Nurses who are Advanced Specialist level nurses will have completed clinically focused Masters level programmes (or be on the Pathway) together with formal/informal experiential learning. The advanced level competencies will correspond with Nursing Council of New Zealand advanced competencies and provide guidance for nurses on the Nurse Practitioner pathway.
The Framework has been developed in conjunction with a National Nursing Reference Group and the Drug and Alcohol Nurses of Australasia (DANA) Standards and Competencies Expert Reference Group. DANA is the professional nursing body which will maintain the Framework.
The next step is to develop competency indicators (examples), which is likely to result in further streamlining of the Framework.
Working with people with co-existing addiction and mental health problems (CEP) is one of the biggest challenges facing addiction and mental health treatment services in New Zealand. CEP is common rather than exceptional and people with CEP often fall between the gaps of addiction and mental health services, with the outcome being ineffective treatment, or no treatment at all, and increasing miscommunication between agencies.

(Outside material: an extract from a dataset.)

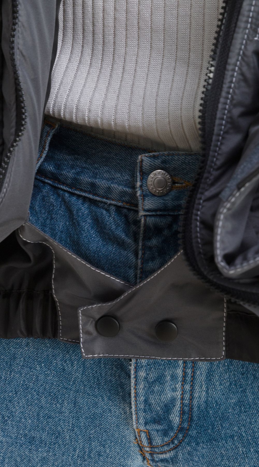 Застежка центральная на двухзамковую тракторную тесьму-молнию, закрытую ветрозащитными планками и подбородочным клапаном. В край левой планки вставлены отделочные флажки из стропы, для удобства расстегивания контактной ленты. На подкладке куртки по линии бедра ветрозащитная юбка, застегивающаяся на две кнопки.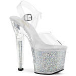 7" (178mm) Heart Shaped Heel, 3 1/4" (83mm) Platform Ankle Strap Sandal Featuring Iridescent Glitters on the Interior Walls of the Platform Bottom and Heel

The CEP project aims to improve the effectiveness and efficiency of the way addiction and mental health treatment services respond to people with CEP. The Ministry of Health is taking the lead and is supported by Matua Raki.

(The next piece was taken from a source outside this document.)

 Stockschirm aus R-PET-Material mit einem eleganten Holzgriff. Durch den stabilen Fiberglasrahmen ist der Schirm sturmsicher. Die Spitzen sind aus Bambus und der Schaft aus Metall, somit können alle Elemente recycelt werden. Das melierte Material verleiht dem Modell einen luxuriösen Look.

The Ministry of Health has published two documents: ‘Service Delivery for People with Co-existing Mental Health and Addiction Problems – Integrated Solutions’ (MoH 2010), and ‘Te Ariari o te Oranga: The Assessment and Management of People with Co-existing Mental Health and Substance Use Problems’ (Todd, F.C. 2010). The first is about systems and service development and the second provides detailed clinical guidance to services and health professionals.

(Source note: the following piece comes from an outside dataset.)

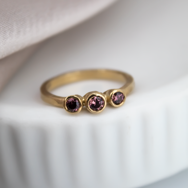 Handmade in 9ct gold  with 3 sparkling Morganite stones.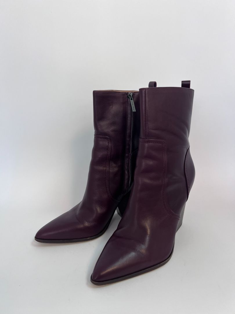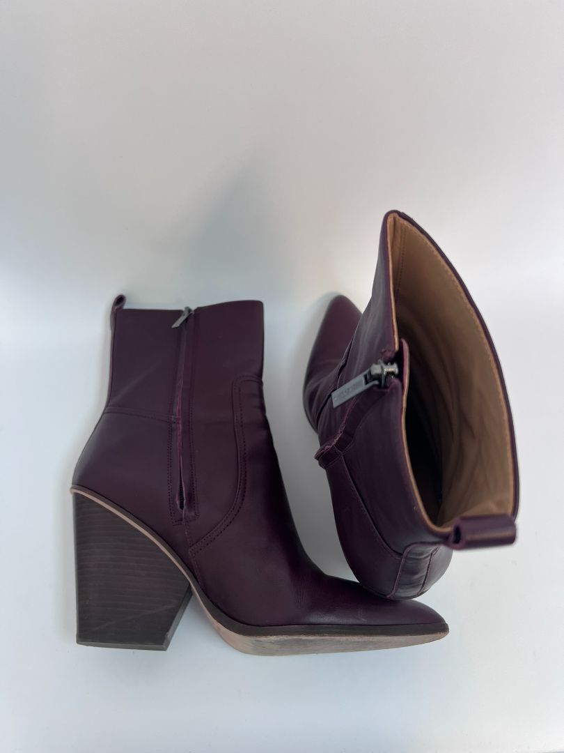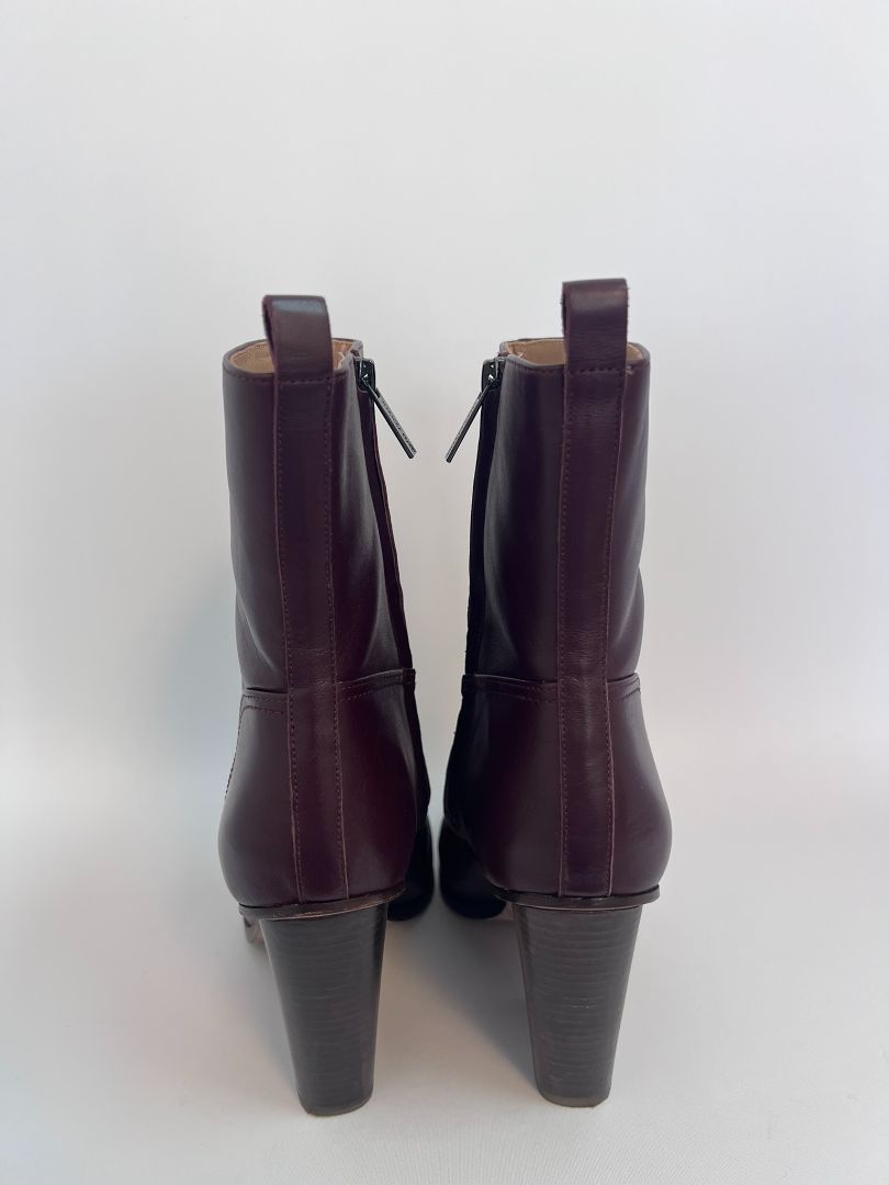 burgundy Veronica Beard faux leather heeled booties, 10M

The following are planned:
The Ministry of Health and Matua Raki CEP presentation at Building Bridges Conference in Wellington 16 April
The Ministry of Health and Matua Raki CEP workshops in Wellington 4 May, Palmerston North 18 May, and Napier 19 May for Funders, Planners, Mental Health and Addiction Service Clinical Leaders and Managers from the DHB and NGO sectors. Core questions will be:
How has CEP been identified in past and current DAPS?
Business Plans: How are you currently configured to address CEP?
Workforce capacity to address CEP – As routine core business
Specialist business for complex CEP presentations
The Ministry of Health and Matua Raki will provide CEP sessions at the Te Pou Central Region Co-existing Problems Forum Palmerston North 27 April and Central Region Addictions Network Forum at Palmerston North 13 May
Te Pou will provide Tools ‘N’ Techniques training to clinical leaders, service managers and NGO board/trust members
Clinical guidance workshops for practitioners will be provided at a later date.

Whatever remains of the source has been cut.